Substitute $\text{2}\text{.7 fm}$ for $r$, $8.99\times {10}^9\text{N}\cdot {\text{m}}^{\text{2}}/{\text{C}}^{\text{2}}$ for $k_e$, $1.60\times {10}^{-19}\text{ C}$ for $q_1$ and $q_2$ in equation III.

    $\begin{array}{c}U=\frac{\left(8.99\times {10}^9\text{N}\cdot {\text{m}}^{\text{2}}/{\text{C}}^{\text{2}}\right){\left(1.60\times {10}^{-19}\text{ C}\right)}^2}{\left(2.7\times {10}^{-15}\text{ m}\right)}\\ =2.6\text{ MeV}\end{array}$

Therefore, the work has to be done to overcome the repulsion force in transporting the last proton from large distance to the surface of nucleus is $\text{2}\text{.6 MeV}$.

(d)

To determine

Find the radius of nucleus, repulsion force and work has to be done to overcome the repulsion force in transporting the last proton from large distance to the surface of nucleus in ${}_{92}^{238}\text{U}$.

Answer to Problem 57AP

The radius of nucleus, repulsion force and work has to be done to overcome the repulsion force in transporting the last proton from large distance to the surface of nucleus in ${}_{92}^{238}\text{U}$ are $7.4\text{ fm}$, $3.8\times {\text{10}}^2\text{ N}$ and $\text{18 MeV}$ respectively.

Explanation of Solution

Use the previous part equations.

Conclusion:

Substitute $1.2\times {10}^{-15}\text{ m}$ for $a$ and $238$ for $A$ in equation I.
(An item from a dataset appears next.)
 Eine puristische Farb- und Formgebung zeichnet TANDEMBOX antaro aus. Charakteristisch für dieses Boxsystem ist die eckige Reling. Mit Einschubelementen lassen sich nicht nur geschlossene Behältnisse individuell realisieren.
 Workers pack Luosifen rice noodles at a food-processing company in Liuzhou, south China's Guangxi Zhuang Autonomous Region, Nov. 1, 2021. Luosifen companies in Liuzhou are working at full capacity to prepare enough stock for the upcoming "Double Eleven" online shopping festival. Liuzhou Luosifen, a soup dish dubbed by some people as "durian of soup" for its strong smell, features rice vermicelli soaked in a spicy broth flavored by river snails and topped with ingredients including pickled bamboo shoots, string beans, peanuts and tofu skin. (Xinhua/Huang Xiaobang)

    $\begin{array}{c}r=\left(1.2\times {10}^{-15}\text{ m}\right){\left(238\right)}^{1/3}\\ =7.4\text{ fm}\end{array}$

Substitute $\text{7}\text{.4 fm}$ for $r$, $8.99\times {10}^9\text{N}\cdot {\text{m}}^{\text{2}}/{\text{C}}^{\text{2}}$ for $k_e$, $1.60\times {10}^{-19}\text{ C}$ for $e$ and $92$ for $Z$ in equation II.
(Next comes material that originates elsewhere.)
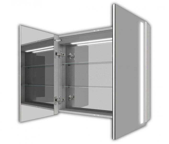 Biaggio - это стильный двухстворчатый зеркальный шкафчик со встроенной LED подсветкой. Прочный и красивый алюминиевый корпус. Подсветка встроена в дверцы, толщина которых составляет 19 мм. Обе стороны двух створок и задняя стенка внутри шкафчика являются зеркалами. Пять зеркальных поверхностей - это очень удобно и очень красиво!
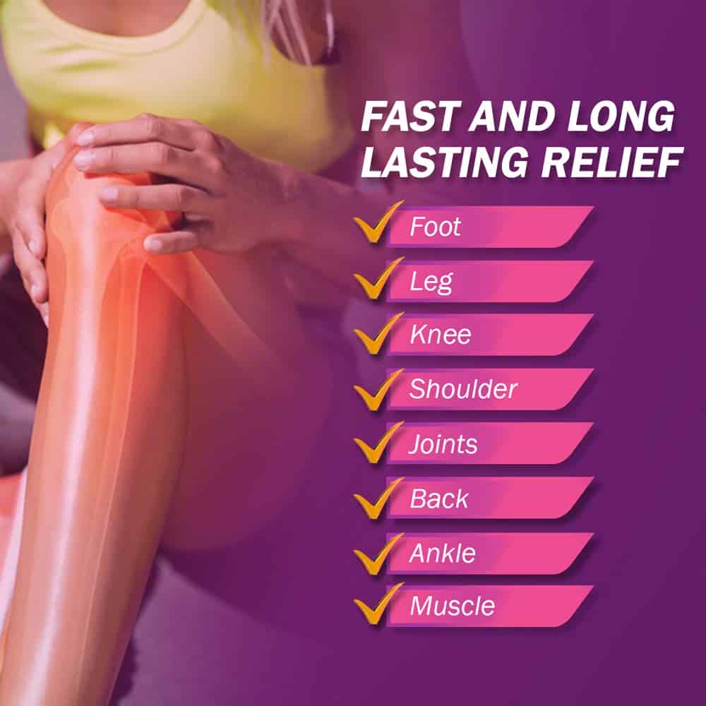 • The special ingredients like Turpentine oil, Nilgiri oil, wintergreen oil, mint extract and cinnamon oil swiftly penetrate the targeted area of pain

    $\begin{array}{c}F=\frac{\left(8.99\times {10}^9\text{N}\cdot {\text{m}}^{\text{2}}/{\text{C}}^{\text{2}}\right)\left(92-1\right){\left(1.60\times {10}^{-19}\text{ C}\right)}^2}{{\left(7.4\times {10}^{-15}\text{ m}\right)}^2}\\ =3.8\times {\text{10}}^2\text{ N}\end{array}$

Substitute $\text{7}\text{.4 fm}$ for $r$, $8.99\times {10}^9\text{N}\cdot {\text{m}}^{\text{2}}/{\text{C}}^{\text{2}}$ for $k_e$, $1.60\times {10}^{-19}\text{ C}$ for $q_1$ and $q_2$ in equation III.
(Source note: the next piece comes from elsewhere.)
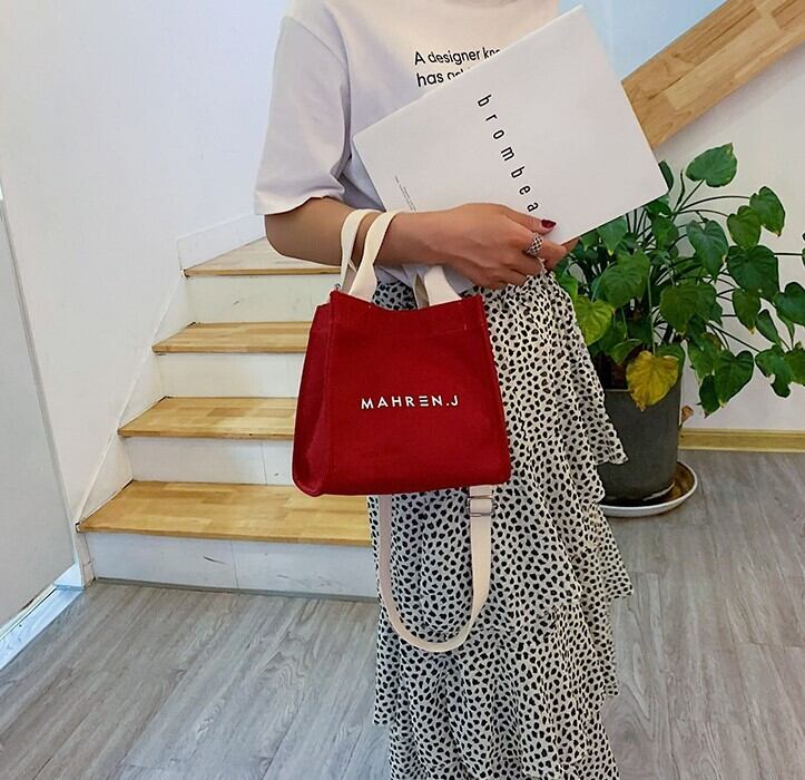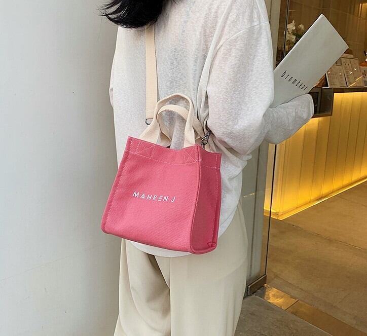 キャンバス トートバッグ 2way 四角 帆布 かわいい シンプル カジュアル 大人 アジアン レディース 学生 通学 休日 お買い物 普段使い ファッション スタイル オールシーズン 小さめ ホワイト 黒 レッド ピンク

    $\begin{array}{c}U=\frac{\left(8.99\times {10}^9\text{N}\cdot {\text{m}}^{\text{2}}/{\text{C}}^{\text{2}}\right){\left(1.60\times {10}^{-19}\text{ C}\right)}^2}{\left(7.4\times {10}^{-15}\text{ m}\right)}\\ =18\text{ MeV}\end{array}$

Therefore, the radius of nucleus, repulsion force and work has to be done to overcome the repulsion force in transporting the last proton from large distance to the surface of nucleus in ${}_{92}^{238}\text{U}$ are $7.4\text{ fm}$, $3.8\times {\text{10}}^2\text{ N}$ and $\text{18 MeV}$ respectively.